• [Entries provided]:
--------------------------------------------------

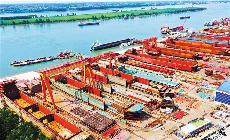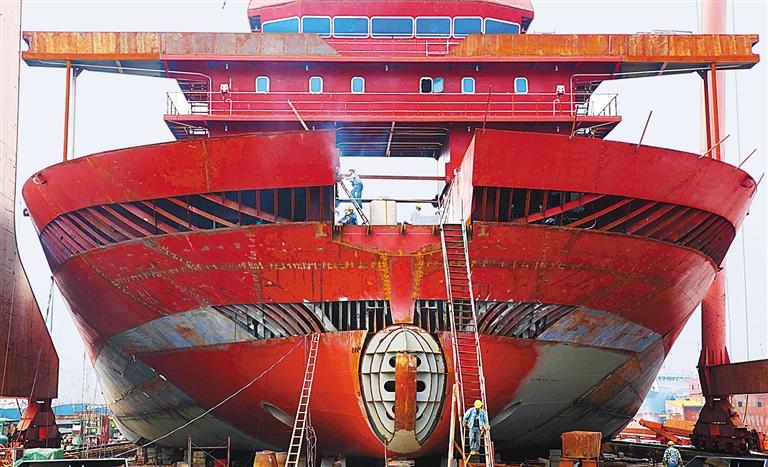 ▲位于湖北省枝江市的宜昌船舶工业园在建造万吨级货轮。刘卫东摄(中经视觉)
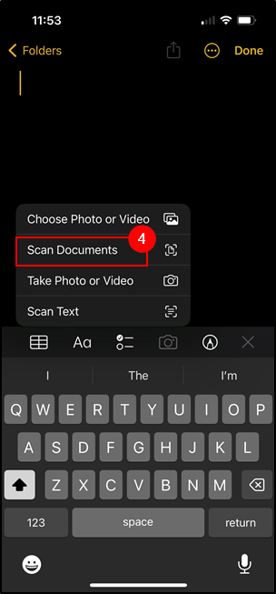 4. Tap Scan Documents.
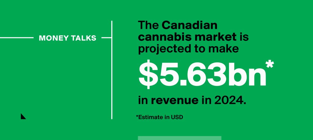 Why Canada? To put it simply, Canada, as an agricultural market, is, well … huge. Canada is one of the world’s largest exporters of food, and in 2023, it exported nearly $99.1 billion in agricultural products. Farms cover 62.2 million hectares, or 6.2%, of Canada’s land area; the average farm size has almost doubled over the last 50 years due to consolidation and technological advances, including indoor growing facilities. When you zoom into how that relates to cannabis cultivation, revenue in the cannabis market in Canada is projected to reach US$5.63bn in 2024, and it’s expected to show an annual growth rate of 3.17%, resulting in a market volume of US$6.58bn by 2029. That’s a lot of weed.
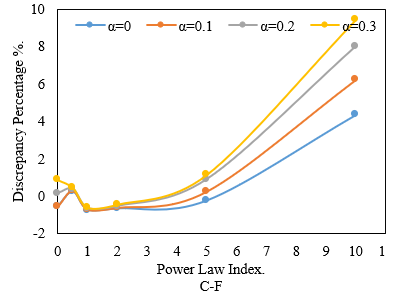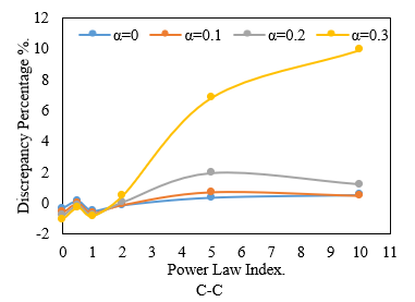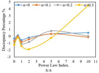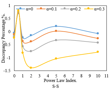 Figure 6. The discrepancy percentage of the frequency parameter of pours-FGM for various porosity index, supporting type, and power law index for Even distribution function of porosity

--------------------------------------------------

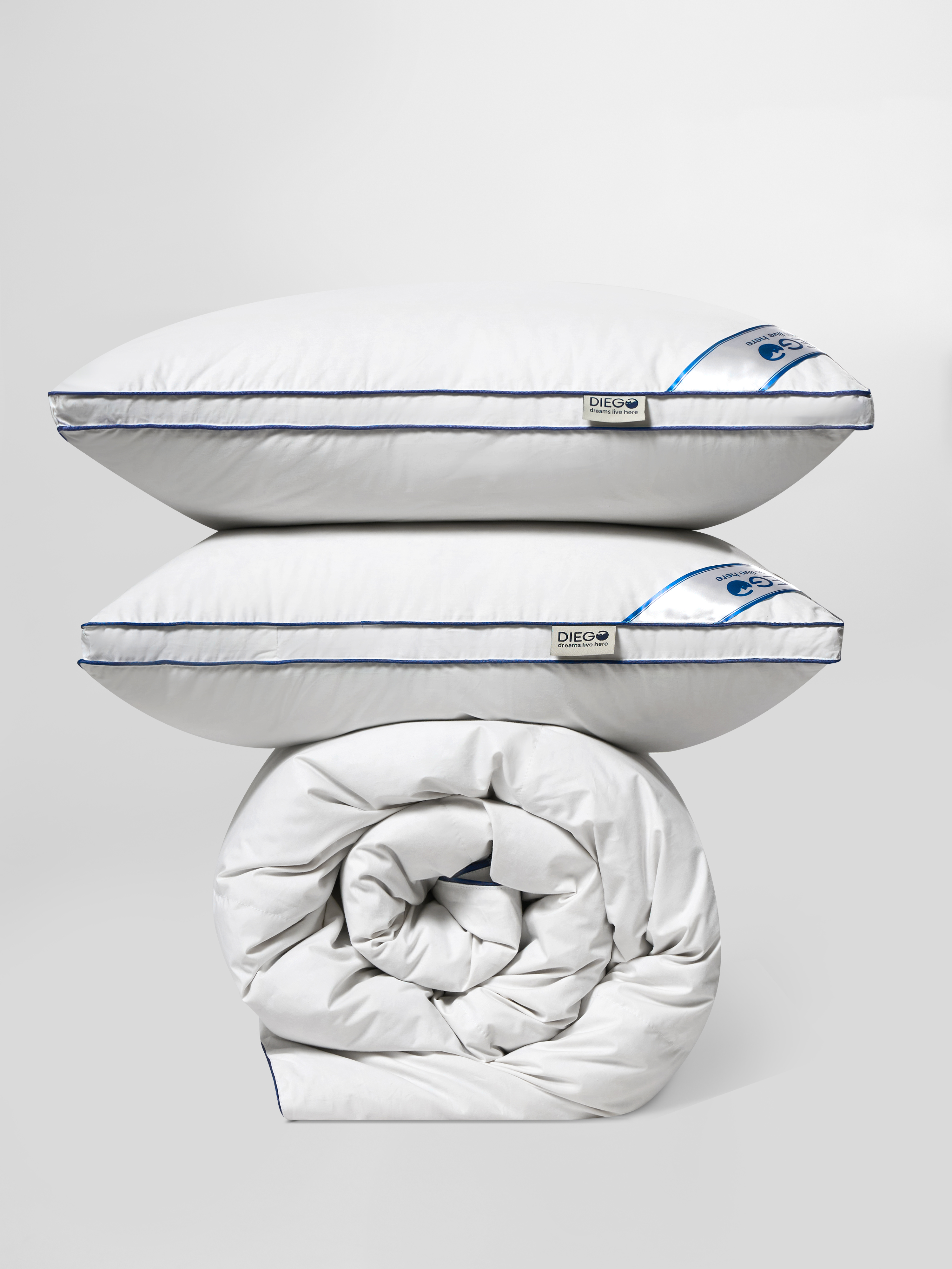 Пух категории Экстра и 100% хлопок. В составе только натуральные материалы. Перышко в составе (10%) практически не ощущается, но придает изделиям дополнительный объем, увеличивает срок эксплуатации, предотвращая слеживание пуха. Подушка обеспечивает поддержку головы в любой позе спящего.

--------------------------------------------------

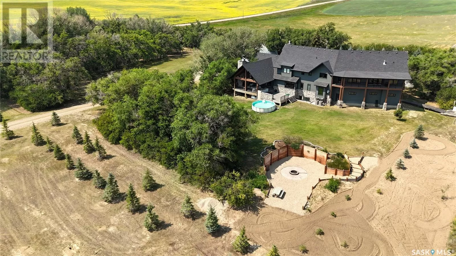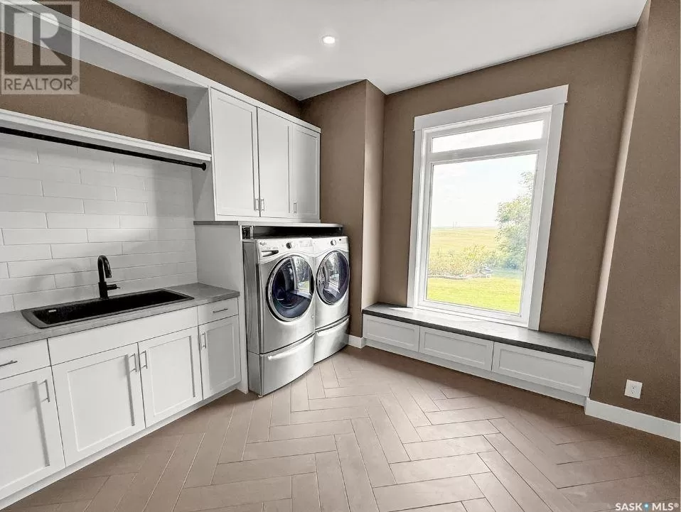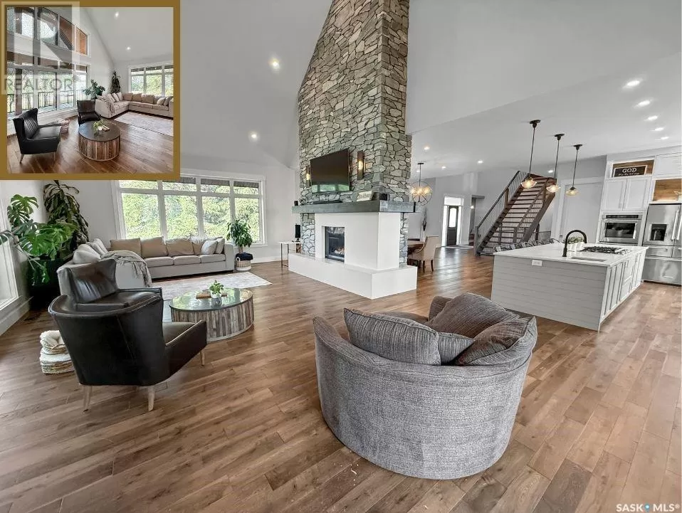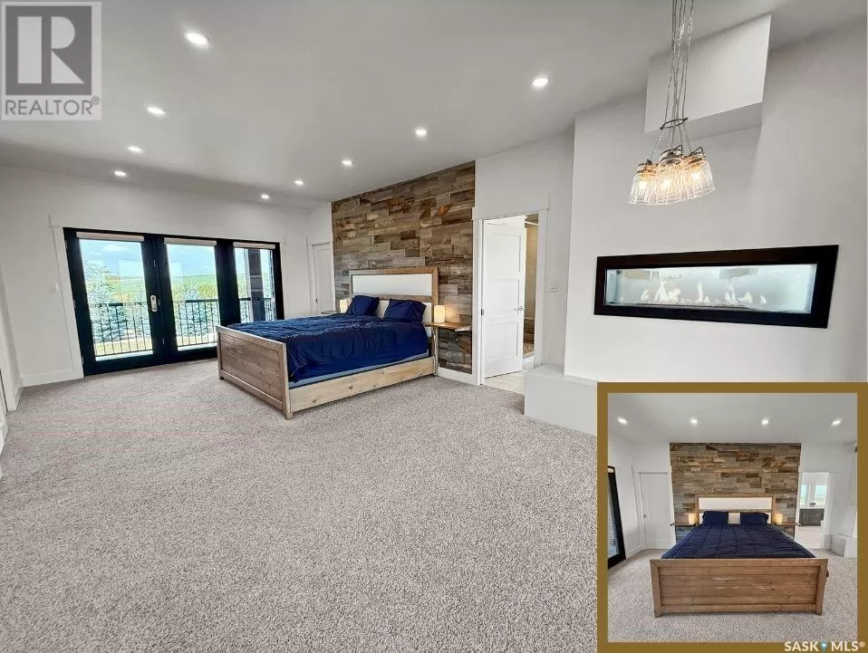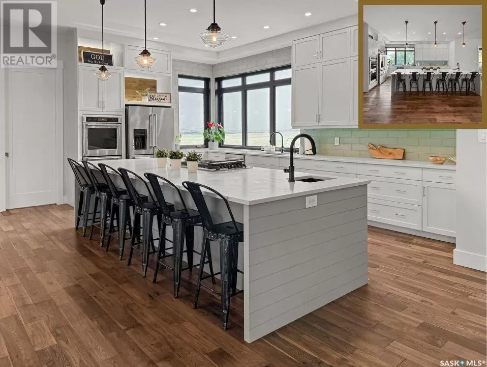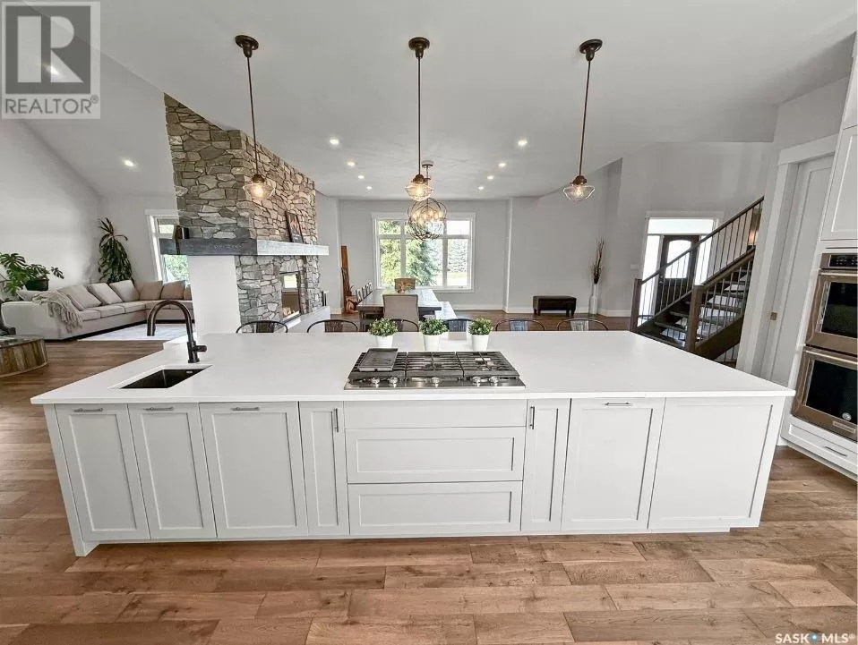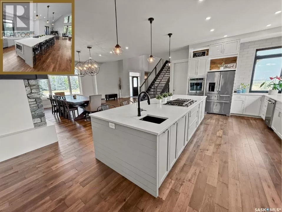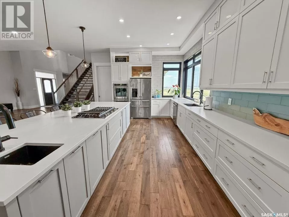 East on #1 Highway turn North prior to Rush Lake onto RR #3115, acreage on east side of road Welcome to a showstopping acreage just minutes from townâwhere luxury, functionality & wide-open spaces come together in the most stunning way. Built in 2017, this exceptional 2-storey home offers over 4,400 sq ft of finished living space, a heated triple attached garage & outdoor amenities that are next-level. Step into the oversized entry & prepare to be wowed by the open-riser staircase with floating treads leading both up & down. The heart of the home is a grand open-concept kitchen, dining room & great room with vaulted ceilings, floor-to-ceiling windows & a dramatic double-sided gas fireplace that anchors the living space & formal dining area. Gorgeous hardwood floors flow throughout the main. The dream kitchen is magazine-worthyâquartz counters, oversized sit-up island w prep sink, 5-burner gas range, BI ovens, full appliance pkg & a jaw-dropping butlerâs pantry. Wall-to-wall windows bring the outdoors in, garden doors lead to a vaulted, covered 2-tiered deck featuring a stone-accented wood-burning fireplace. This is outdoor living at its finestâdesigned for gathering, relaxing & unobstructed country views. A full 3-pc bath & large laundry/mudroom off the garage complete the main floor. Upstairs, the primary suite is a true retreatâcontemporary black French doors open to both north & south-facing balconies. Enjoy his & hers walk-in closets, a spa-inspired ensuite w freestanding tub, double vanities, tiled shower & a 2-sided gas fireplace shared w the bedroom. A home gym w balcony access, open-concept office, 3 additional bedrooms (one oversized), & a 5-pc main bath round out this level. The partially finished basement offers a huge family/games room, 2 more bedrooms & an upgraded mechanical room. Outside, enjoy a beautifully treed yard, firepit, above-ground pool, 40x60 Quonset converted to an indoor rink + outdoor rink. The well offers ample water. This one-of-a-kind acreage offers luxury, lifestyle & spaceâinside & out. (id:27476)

--------------------------------------------------

• [Exercise directions]:
Copy exactly the material above from the line with "4. Tap Scan Documents." to the line with "Figure 6. The", ends included, and nothing else. Leave out any picture.

• [Response]:
 4. Tap Scan Documents.
 Why Canada? To put it simply, Canada, as an agricultural market, is, well … huge. Canada is one of the world’s largest exporters of food, and in 2023, it exported nearly $99.1 billion in agricultural products. Farms cover 62.2 million hectares, or 6.2%, of Canada’s land area; the average farm size has almost doubled over the last 50 years due to consolidation and technological advances, including indoor growing facilities. When you zoom into how that relates to cannabis cultivation, revenue in the cannabis market in Canada is projected to reach US$5.63bn in 2024, and it’s expected to show an annual growth rate of 3.17%, resulting in a market volume of US$6.58bn by 2029. That’s a lot of weed.
 Figure 6. The discrepancy percentage of the frequency parameter of pours-FGM for various porosity index, supporting type, and power law index for Even distribution function of porosity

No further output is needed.